Businesses today require the fastest and most efficient methods of data delivery and processing. For most, finding a speedy, scalable way to keep data in sync between their operational systems and analytical models is a major challenge.
Because of this, data engineers are often looking for better ways to move data from relational databases like PostgreSQL to data warehouses like BigQuery.
This involves much planning and forethought, but only some IT teams are well-versed in the two platforms, which can lead to data pipeline failures, data loss, and over-investment of precious time and money. Considering the fast-paced and data-heavy digital environments of today, it can be risky for businesses to attempt a Postgres to BigQuery data pipeline without the proper prerequisites or know-how.
Our guide aims to solve all these problems and provide a simple, step-by-step method to migrate data from PostgreSQL to BigQuery.
We’ll get to the tutorial shortly. Let’s start by defining the two systems, and why it’s important to connect them.
What Is PostgreSQL?
PostgreSQL, also known as Postgres, is a powerful, open-source object-relational database management system (ORDBMS) with an emphasis on extensibility and SQL compliance. It was originally developed at the University of California, Berkeley, and has a long history of active development and community involvement.
One of the key features of Postgres is its support for multiple data types, including traditional scalar types such as integers and floating-point numbers, as well as more complex types such as arrays, JSON, and hstore (a key-value store). This allows developers to store and manipulate data more flexibly and powerfully than with traditional RDBMS systems.
One of the most unique and powerful features of Postgres is its support for stored procedures and functions written in a variety of languages, including SQL, PL/pgSQL, Python, and C. This allows developers to create custom logic at the database level, which can be used to build more powerful and efficient applications.
Since Postgres can handle large amounts of data quickly, it is an ideal foundation for a variety of applications that require fast data retrieval and processing. Some examples of such applications include:
- eCommerce: Postgres can handle large amounts of transactional data, making it well-suited for powering eCommerce platforms. It can handle a high volume of read and write operations and its built-in support for advanced data types such as JSON and hstore streamline the handling of product information and other metadata.

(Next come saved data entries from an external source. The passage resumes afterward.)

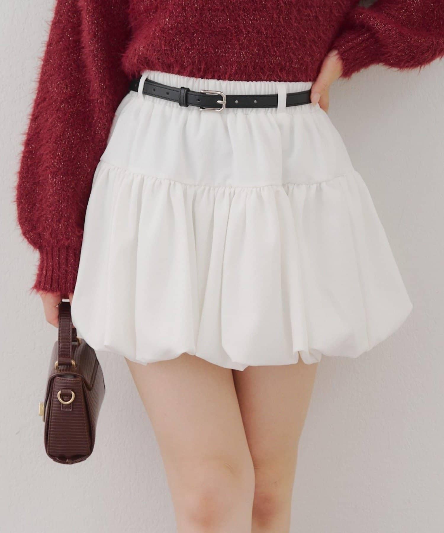 裙子的輪廓蓬鬆可愛,腰帶是裙子的一大亮點。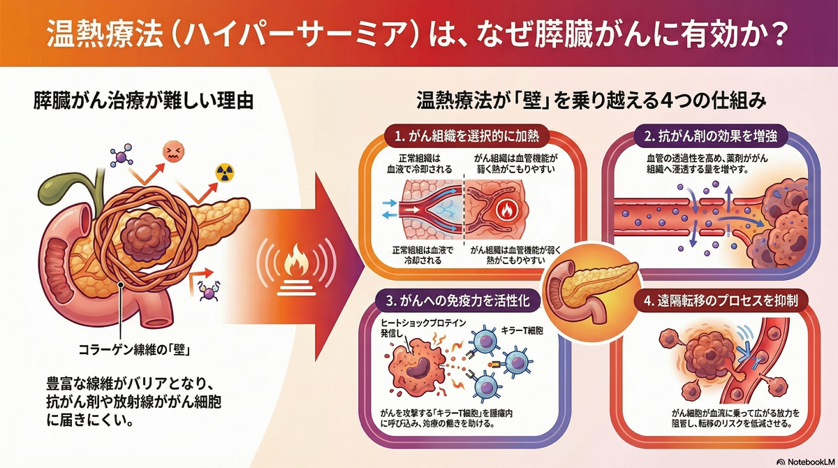 特に、膵臓がんは豊富なコラーゲン線維(間質成分)が物理的バリアとなり治療抵抗性を示すが、ハイパーサーミアは血管透過性を改善することでこのバリアの克服に寄与する。臨床試験では、切除不能膵臓がん患者において、化学療法(ゲムシタビン)にハイパーサーミアを併用することで、生存期間中央値が198日から327日へと有意に延長することが示されている。
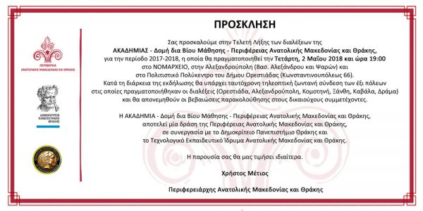 Σας γνωρίζουμε ότι την Τετάρτη 2 Μαΐου 2018 και ώρα 19:00, θα πραγματοποιηθεί η Τελετή Λήξης των διαλέξεων της ΑΚΑΔΗΜΙΑΣ - Δομής δια Βίου Μάθησης - Περιφέρειας Ανατολικής Μακεδονίας και Θράκης, για την περίοδο 2017-2018, στο ΝΟΜΑΡΧΕΙΟ στην Αλεξανδρούπολη και στο Πολιτιστικό Πολύκεντρο Δήμου Ορεστιάδας.

- Content management systems: Postgres can handle large amounts of structured and unstructured data, making it well-suited for powering content management systems. Its support for full-text search and other advanced search features make it easy to retrieve and organize content.

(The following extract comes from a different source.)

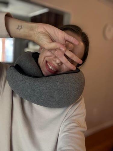 Oh, this pillow is so soft! I even took a photo to show how well it supports my head. Its an essential travel companion, although I have to admit I also use it at home while watching TV. My neck feels relaxed, and its so soft.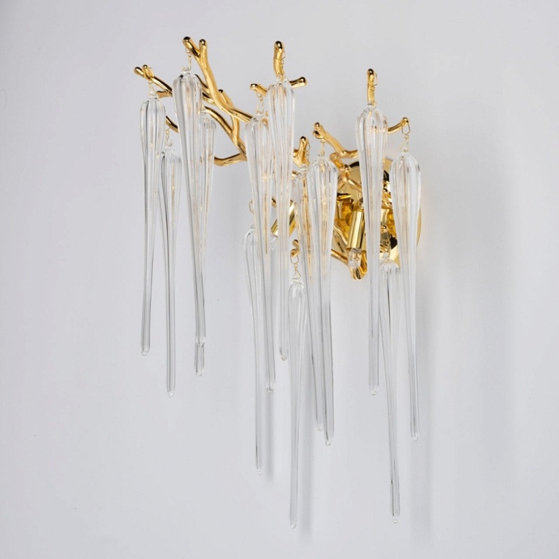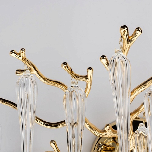 Основание настенного бра выполнено по технологии художественного литья из сплава алюминия с цинком и гальванизировано в цвет золота. Настенное бра декорировано прозрачным стеклом вытянутой формы.

While PostgreSQL is a powerful and flexible relational database management system, it is not specifically designed for aggregating and analyzing large amounts of data. Even though it does have built-in support for basic aggregation and analysis through SQL, it may not be as efficient or user-friendly as other specialized tools for handling big data.
However, Postgres is still a popular choice for many developers because of its open-source nature, which allows anyone to use, modify, and distribute the software for free. It is supported by a large and active community of users and developers, who contribute bug fixes, features, and documentation to the project.
What Is Google BigQuery?
Google BigQuery is a fully-managed, cloud-native data warehousing platform that enables super-fast SQL queries using the processing power of Google’s infrastructure. It is a part of the Google Cloud Platform and is designed to handle extremely large and complex datasets with ease.
One of the main benefits of BigQuery is its ability to quickly analyze large amounts of data using SQL. This is made possible through its highly-optimized query engine, which utilizes columnar storage, in-memory technology, and machine learning to execute queries in seconds, even on petabyte-scale datasets.
In addition to its speed, BigQuery is also highly scalable, allowing you to easily and seamlessly increase your data storage and processing capacity as your needs grow. This is a significant advantage over traditional on-premises data warehouses, which can be costly and time-consuming to scale.
BigQuery also includes several advanced security features to ensure the privacy and protection of your business data. These include:
- Network isolation
- Encryption at rest
- Integration with Cloud Identity
- Access Management for granular access control
Does PostgreSQL Work As A Data Warehouse?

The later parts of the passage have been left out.